What privacy does not mean

  • It does not mean secrecy for harm, abuse, or unlawful activity.
  • It does not mean pretending that technical systems have no limits.
  • It does not mean hiding important tradeoffs from users.
  • It does not mean using privacy language while building a data-harvesting business underneath.
  • It does not replace formal legal policies, contracts, or compliance obligations.

Principle

The ends do not justify the means.

The founder is influenced by Immanuel Kant's philosophy: people must not be treated merely as a means to an end. For an AI company, that matters. It means growth, fundraising, product expansion, and technical convenience cannot become excuses to violate the people the product exists to serve.

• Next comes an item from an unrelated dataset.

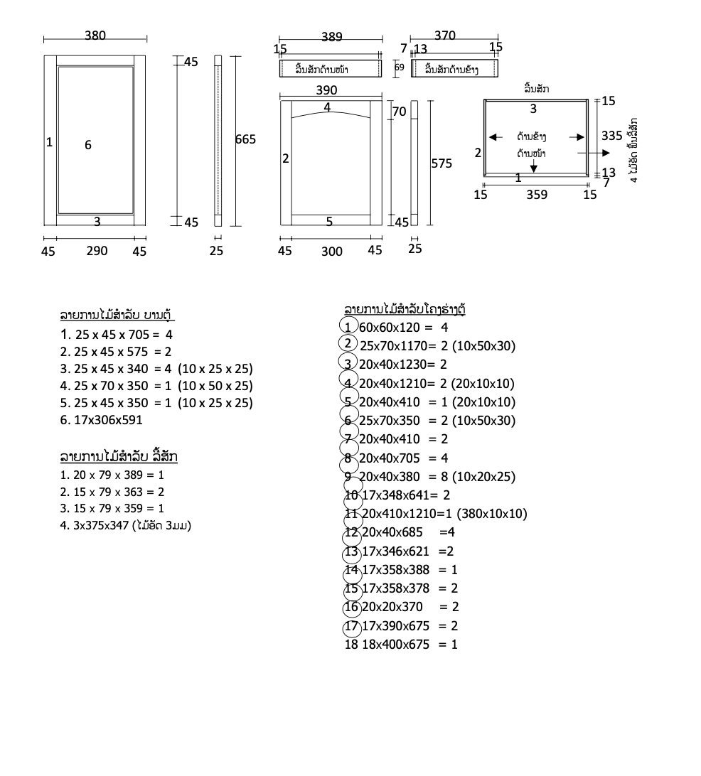 🔳ລາຍການໄມ້ສໍາລັບໂຄງຮ່າງຕູ້

This page is a company philosophy statement. It is not a substitute for a formal privacy policy, which should be published separately when the product requires it.

Product implications

What this should change in practice.

Clear defaults

Users should not need to decode hidden incentives to understand how their information is treated.

Small data appetite

The company should prefer smaller, better-justified data collection over broad capture for speculative future use.

Accountable tradeoffs

When a product decision affects privacy, the tradeoff should be deliberate, explainable, and open to scrutiny.